Online TPP
CL Research, 2006
Please note that the online version of The Preposition Project (TPP) is
intended for quick reference of the data available in the project. The data is
in the process of active development and is not yet complete. Currently (12/9/06),
semantic relation or role names are available for 558 senses of prepositions
and prepositional phrases through the word off, and for major
prepositions thereafter (on, over, round,
through, to, toward(s), and with). There are
approximately 847 senses of 374 prepositions and prepositional phrases in
total. Online TPP will be updated monthly.

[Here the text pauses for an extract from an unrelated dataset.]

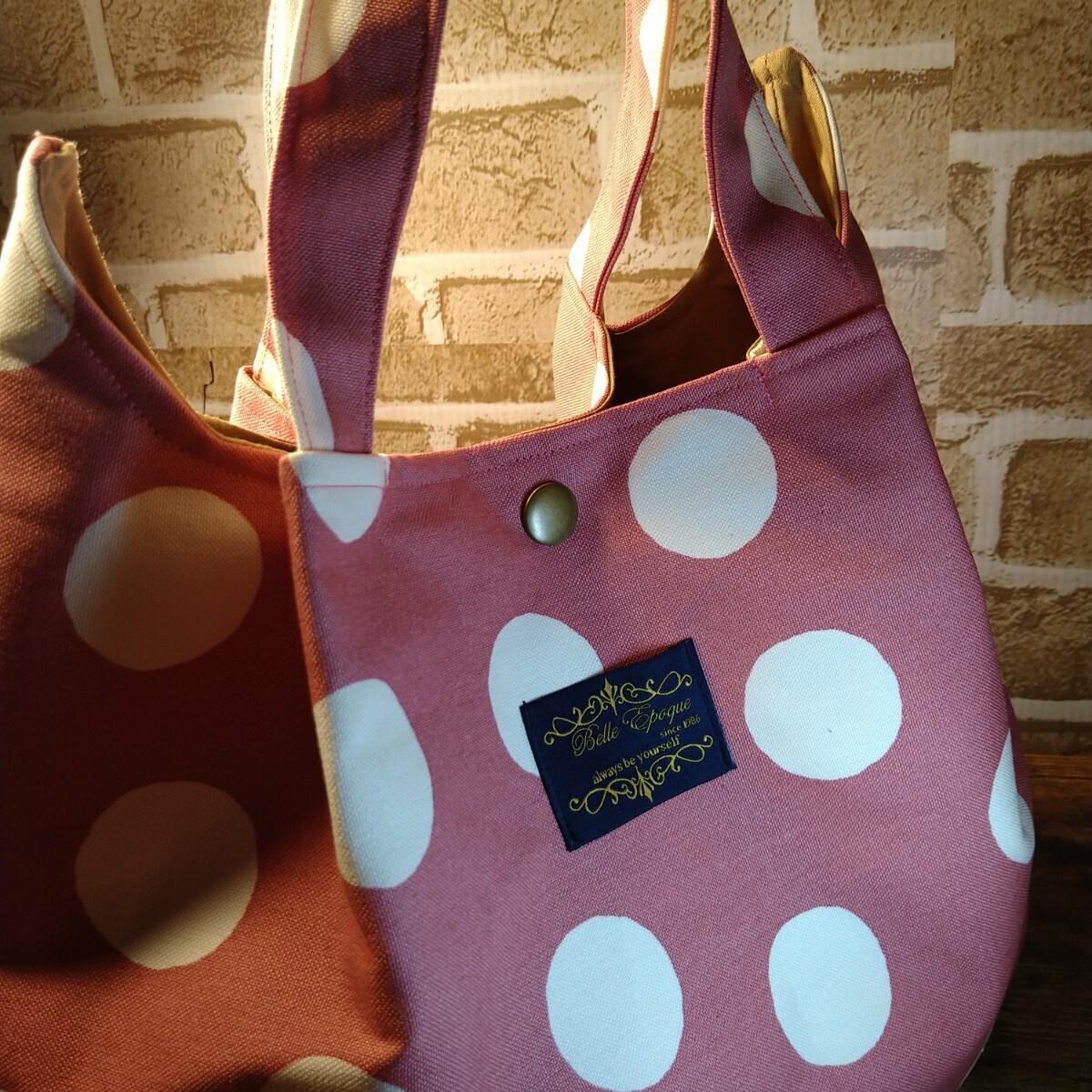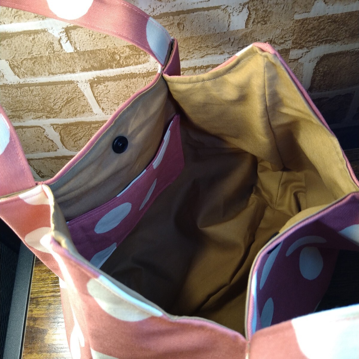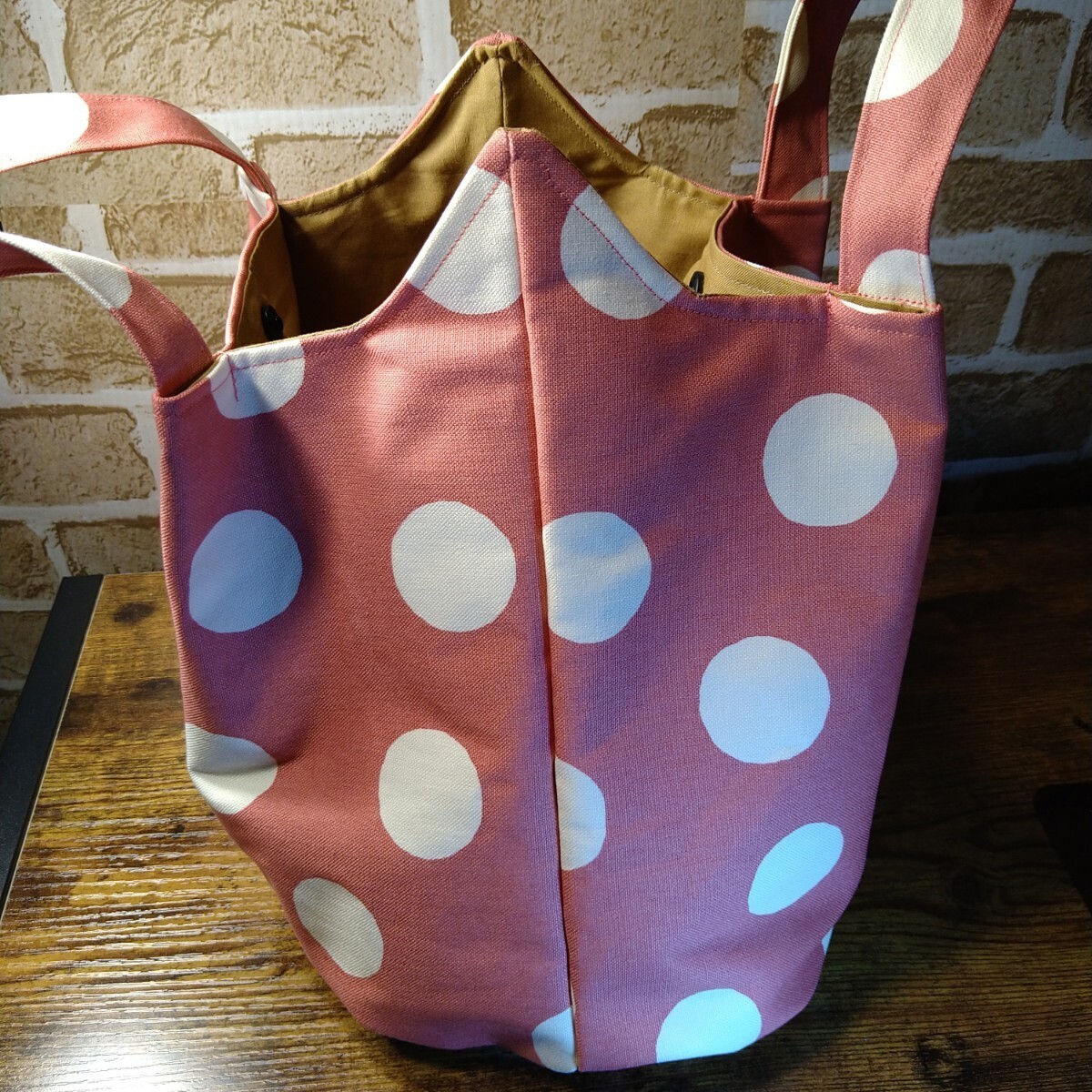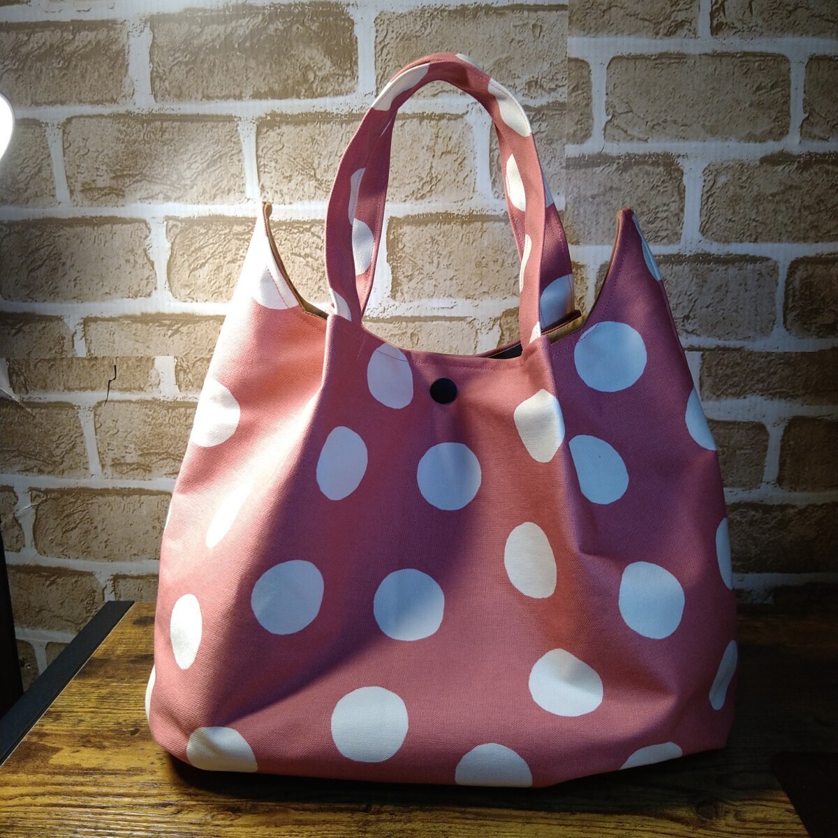 ☆表は濃いめくすみピンク色水玉柄の薄手帆布生地、裏地はシーチング生地を使用しています。
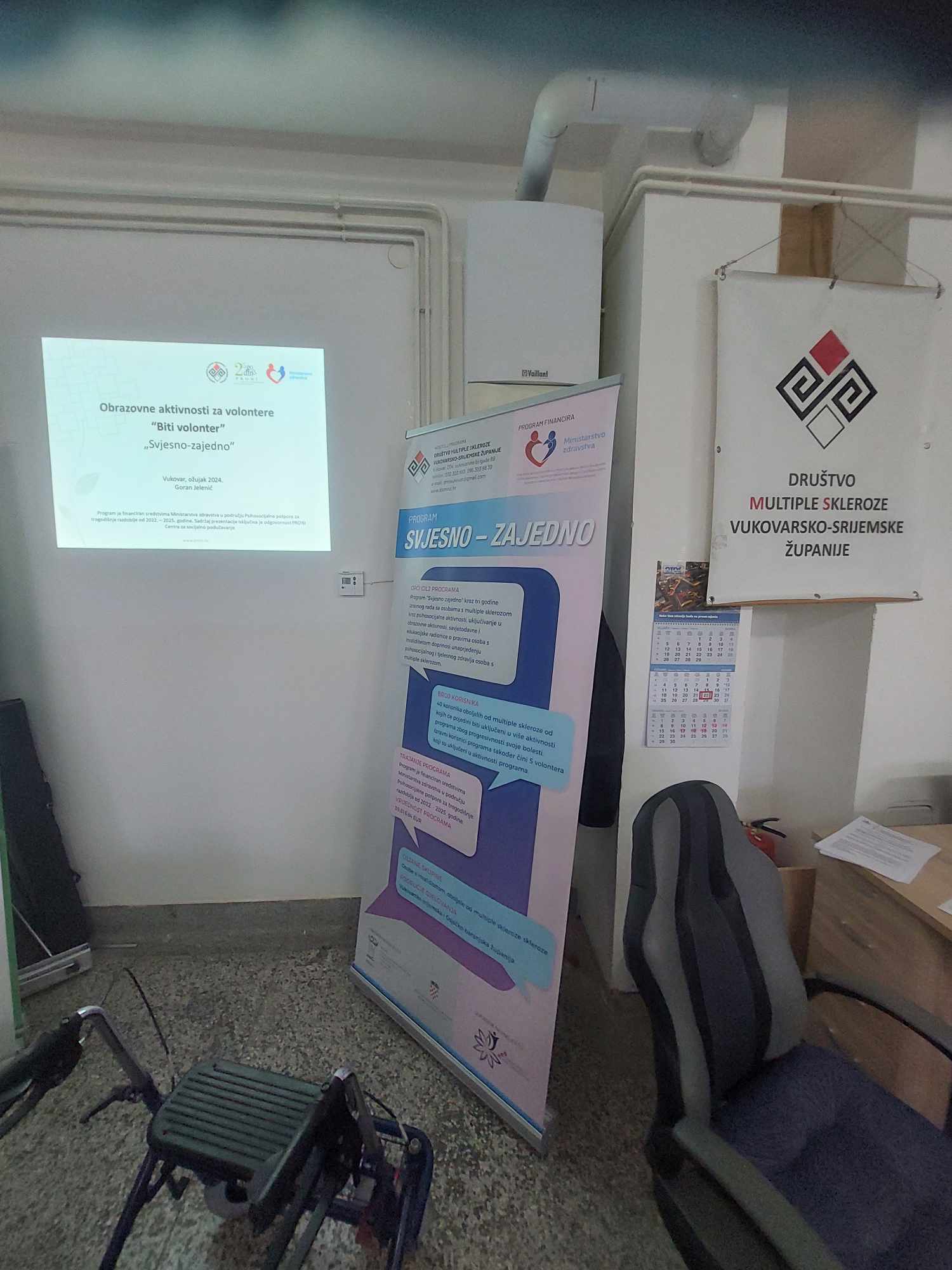 Dana 28.03.2024. godine u prostorijama Društva multiple skleroze vukovarsko-srijemske županije održana je obrazovna aktivnosti za volontere po programu “ Svjesno-Zajedno“ financiranom od strane Ministarstva zdravstva. Obrazovnu aktivnost za volontere održala je partnerska organizacija po programu PRONI centar za socijalno podučavanje iz Vukovara, aktivnost je održao gosp. Goran Jelenić.

Online TPP is based on data generated in TPP (the link to the project provides
an in-depth discussion of how the data is being developed). TPP combines data
from two major sources: the
Oxford Dictionary of English (Oxford University Press,
2003) and sentence instances in the FrameNet project for individual
prepositions. It includes all the data from ODE that appears in the printed
text (primarily definitions and usage examples), plus a considerable range of
additional data describing the behavior of each preposition sense. The intent
is that such data will be useful in text processing applications that can use
information about preposition behavior in understanding the semantic relations
of textual units (the objects of the prepositions).
The display routines for Online TPP are adapted from various CGI scripts
provided by James McCracken of Oxford University Press. These scripts were
developed as a demonstration project used to display the full contents of ODE.
Online TPP does not employ the full range of capabilities used on Online ODE,
such as full disambiguation of all content words in definitions and the display
of noun and domain hierarchies.
In addition to all the components which appear in the printed text of the
Oxford Dictionary of English, the Online TPP data has a number of
special features which distinguish it from typical dictionary databases. These
features make it particularly suitable for computational applications - both as
an electronic dictionary and as a database for natural language processing
applications.
Some aspects of these features are described below:
Data structure and lexical objects — Fundamental to all the
functionality of Online ODE is the fact that all the data is structured as a
series of discrete lexical objects. These function as small packets of data
which exist independently of each other, each containing all relevant
information about meaning, morphology, lexical function, semantic category,
etc. Crucially, each lexical object corresponds to a sense
rather than to a dictionary entry. Hence every sense may be queried, extracted,
or manipulated as an independent packet of data without any dependencies on the
entry in which it appears. Although this can seem counterintuitive to human
readers used to treating the entry as the basic object in a dictionary, from a
computational point of view it allows a much more detailed and exhaustive
specification of the way the language functions on a sense-by-sense basis.
Lexical and phrasal morphology — Every lexical object in Online
TPP provides a complete and discrete specification of all the lexical forms
relevant to its sense. This includes not only the morphology of the word forms
themselves, but also structured data about their syntactic roles, variant
spellings, British and US spellings, alternative forms, and the correspondence
relationships between them (the source data also includes phonetics). This is
true not only for single-word lexemes but also for multi-word phrases. Online
TPP thus provides a facility for robust and positive lookup of real-world
lexical forms, including permutation of phrases.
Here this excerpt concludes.